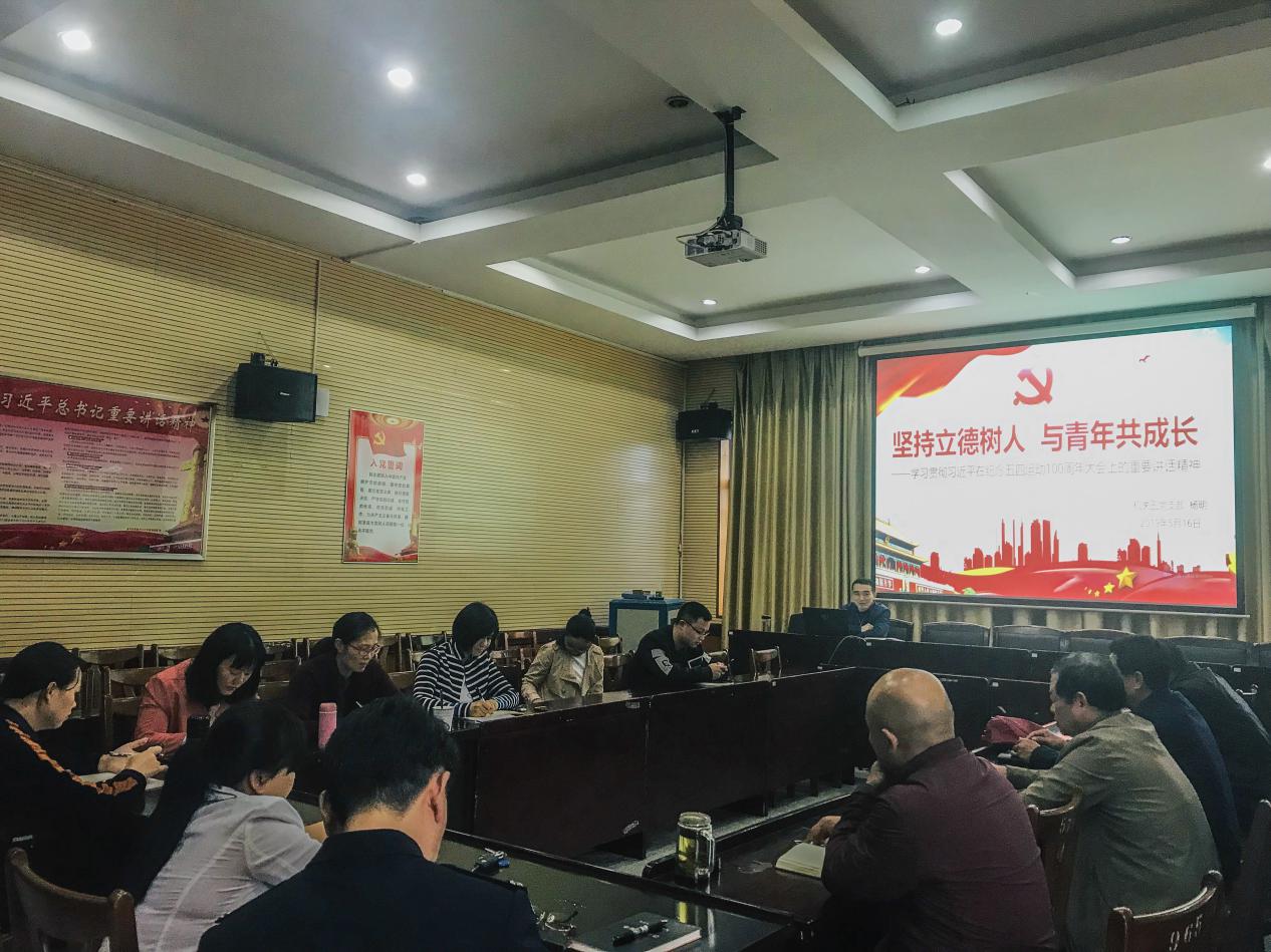 纪念五四运动100周年大会4月30日上午10时30分在人民大会堂举行。中共中央总书记、国家主席、中央军委主席习近平总书记出席大会并发表重要讲话。讲话思想深刻、内涵丰富、意义重大、影响深远,具有很强的思想性、指导性和针对性,为教育事业改革发展进一步指明了前进方向,提供了根本遵循。为深入学习贯彻习近平总书记的重要讲话精神,5月16日下午14:30,五党支部在第五会议室组织召开了“坚持立德树人 与青年共成长”主题党日活动,支部书记杨明同志讲授专题党课,罗佳玲、黄郁娇同志作学习分享。
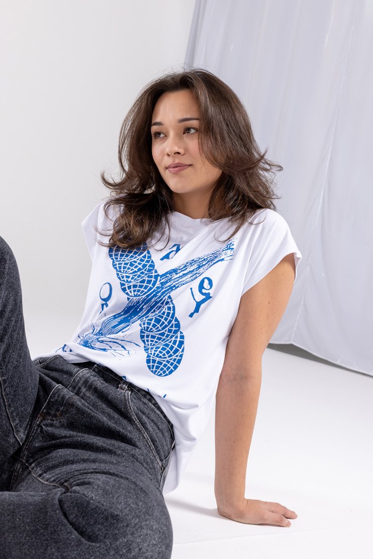 Plavkový top s oblíbeným potiskem. Motiv vznikl ve spolupráci s malířem Františkem Petrákem, jehož malba se stala ústředním motivem kolekce. Originální a pohodlný top New Face...
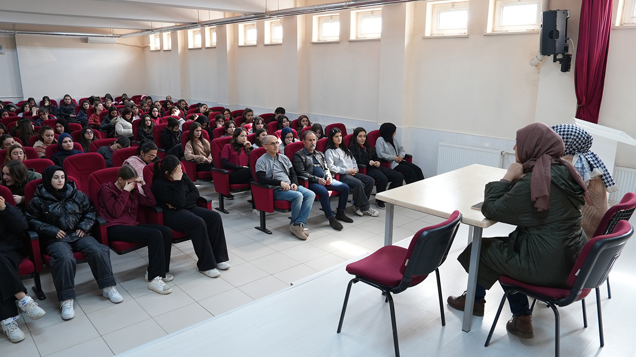 Çevre Koruma ve Sıfır Atık Dairesi Başkanlığına bağlı Sıfır Atık ve İklim Değişikliği Şube Müdürlüğü ekipleri, Mükrime Hatun Kız Mesleki ve Teknik Anadolu Lisesi’ni ziyaret ederek öğrencilerle bir araya geldi. Gerçekleştirilen programda çevre sorunları, sıfır atık uygulamaları ve iklim değişikliği konuları kapsamlı şekilde ele alındı.
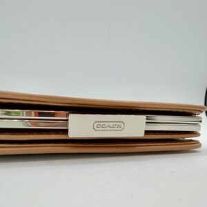 Sleek white leather wallet with brown edges. Classic Coach design.
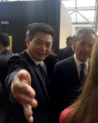 外交部部长王毅(左二)与振威展览董事长张学山(右一)在会场外亲切交谈
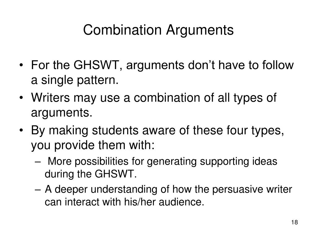 Combination Arguments • For the GHSWT, arguments don’t have to follow a single pattern. • Writers may use a combination of all types of arguments. • By making students aware of these four types, you provide them with: • More possibilities for generating supporting ideas during the GHSWT. • A deeper understanding of how the persuasive writer can interact with his/her audience.
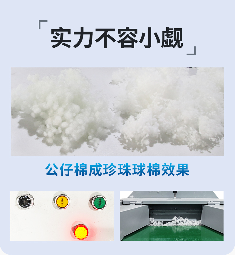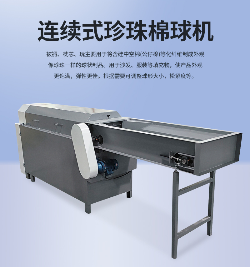1.連續式珍珠球棉機主要用于將含硅中空棉(公仔棉)等化纖制成外觀像珍珠一樣的球狀制品。
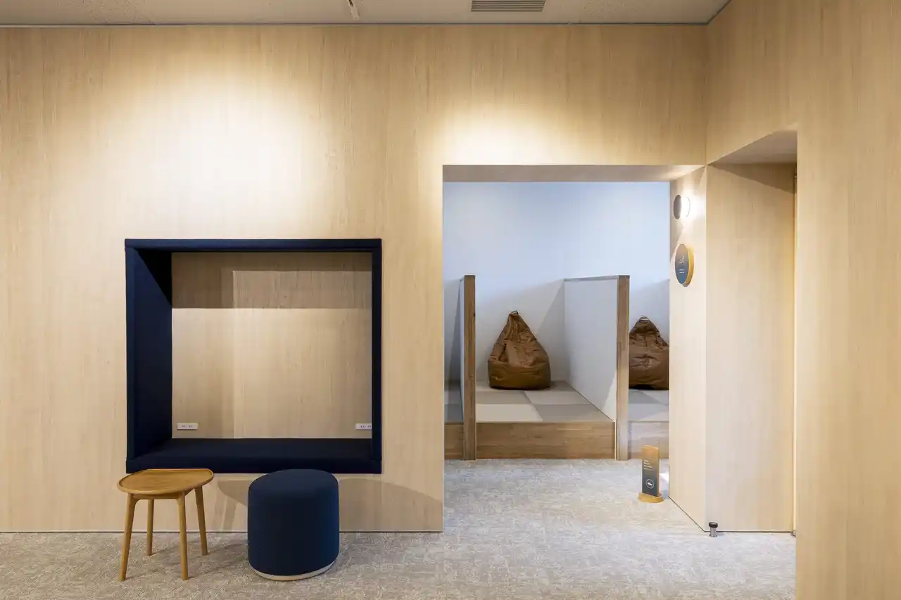 | 自然光を感じながら作業できる「まどぎわラウンジ」、靴を脱ぐ小上がりタイプの「くつろぎラウンジ」、心身を整える「瞑想ルーム」、Web会議に集中できる防音個室「フォンブース」など、特徴の異なる多様な空間を完備。気分に合わせて最適な居場所を選択でき、ワーカー一人ひとりのウェルビーイングを高めます。また、エントランスにはオフィスアロマを導入し、オン・オフの切り替えができるように配慮しています。 | ||||||||||||||||
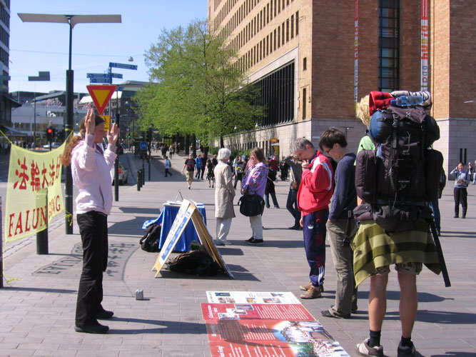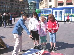 芬兰学员Sinikka让小儿子Samuli帮她拿着高音喇叭,她则一遍遍的向过往行人讲述着什么是法轮功以及中共对法轮功修炼者残酷迫害的真相,同时也告诉人们赫尔辛基的炼功点的地址和时间。就看到一位女士听着讲解,手随着演示功法的学员比划着炼功动作。
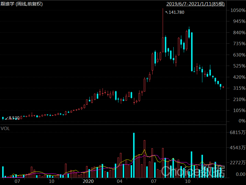 留存在微信羣中的用戶,無需付費即可反覆觸達轉化,從而降低跟誰學獲客成本,這也讓跟誰學通過降低流量成本,成就唯一一個成功盈利的在線教育公司,市值成功暴漲。
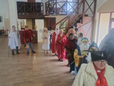 Karnawał borowiacki – Trzej Królowie i kolędnicy w klubie Senior+, w Wielkim Mędromierzu 4 luty 2025 r.
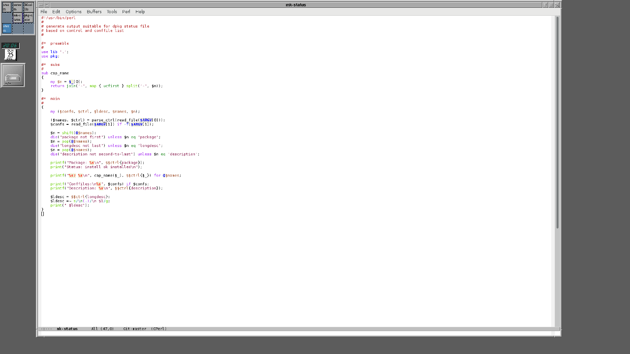 OTOH, the disk in my work/ leisure PC died on Wednesday and while I kept most of my files, I’ve lost the complete dpkg (Debian package manager[*]) database, so I’ll have to write a script/ program to restore it based on the list of names of installed packages. Hence, I can’t complain about not knowing how to kill the time.
---
Write out an exact copy of the listing, first line through the line containing "芬兰学员Sinikka让小儿", with the pictures left out.

• [Solution to the exercise]:
 纪念五四运动100周年大会4月30日上午10时30分在人民大会堂举行。中共中央总书记、国家主席、中央军委主席习近平总书记出席大会并发表重要讲话。讲话思想深刻、内涵丰富、意义重大、影响深远,具有很强的思想性、指导性和针对性,为教育事业改革发展进一步指明了前进方向,提供了根本遵循。为深入学习贯彻习近平总书记的重要讲话精神,5月16日下午14:30,五党支部在第五会议室组织召开了“坚持立德树人 与青年共成长”主题党日活动,支部书记杨明同志讲授专题党课,罗佳玲、黄郁娇同志作学习分享。
 Plavkový top s oblíbeným potiskem. Motiv vznikl ve spolupráci s malířem Františkem Petrákem, jehož malba se stala ústředním motivem kolekce. Originální a pohodlný top New Face...
 Çevre Koruma ve Sıfır Atık Dairesi Başkanlığına bağlı Sıfır Atık ve İklim Değişikliği Şube Müdürlüğü ekipleri, Mükrime Hatun Kız Mesleki ve Teknik Anadolu Lisesi’ni ziyaret ederek öğrencilerle bir araya geldi. Gerçekleştirilen programda çevre sorunları, sıfır atık uygulamaları ve iklim değişikliği konuları kapsamlı şekilde ele alındı.
 Sleek white leather wallet with brown edges. Classic Coach design.
 外交部部长王毅(左二)与振威展览董事长张学山(右一)在会场外亲切交谈
 Combination Arguments • For the GHSWT, arguments don’t have to follow a single pattern. • Writers may use a combination of all types of arguments. • By making students aware of these four types, you provide them with: • More possibilities for generating supporting ideas during the GHSWT. • A deeper understanding of how the persuasive writer can interact with his/her audience.
1.連續式珍珠球棉機主要用于將含硅中空棉(公仔棉)等化纖制成外觀像珍珠一樣的球狀制品。
 | 自然光を感じながら作業できる「まどぎわラウンジ」、靴を脱ぐ小上がりタイプの「くつろぎラウンジ」、心身を整える「瞑想ルーム」、Web会議に集中できる防音個室「フォンブース」など、特徴の異なる多様な空間を完備。気分に合わせて最適な居場所を選択でき、ワーカー一人ひとりのウェルビーイングを高めます。また、エントランスにはオフィスアロマを導入し、オン・オフの切り替えができるように配慮しています。 | ||||||||||||||||
 芬兰学员Sinikka让小儿子Samuli帮她拿着高音喇叭,她则一遍遍的向过往行人讲述着什么是法轮功以及中共对法轮功修炼者残酷迫害的真相,同时也告诉人们赫尔辛基的炼功点的地址和时间。就看到一位女士听着讲解,手随着演示功法的学员比划着炼功动作。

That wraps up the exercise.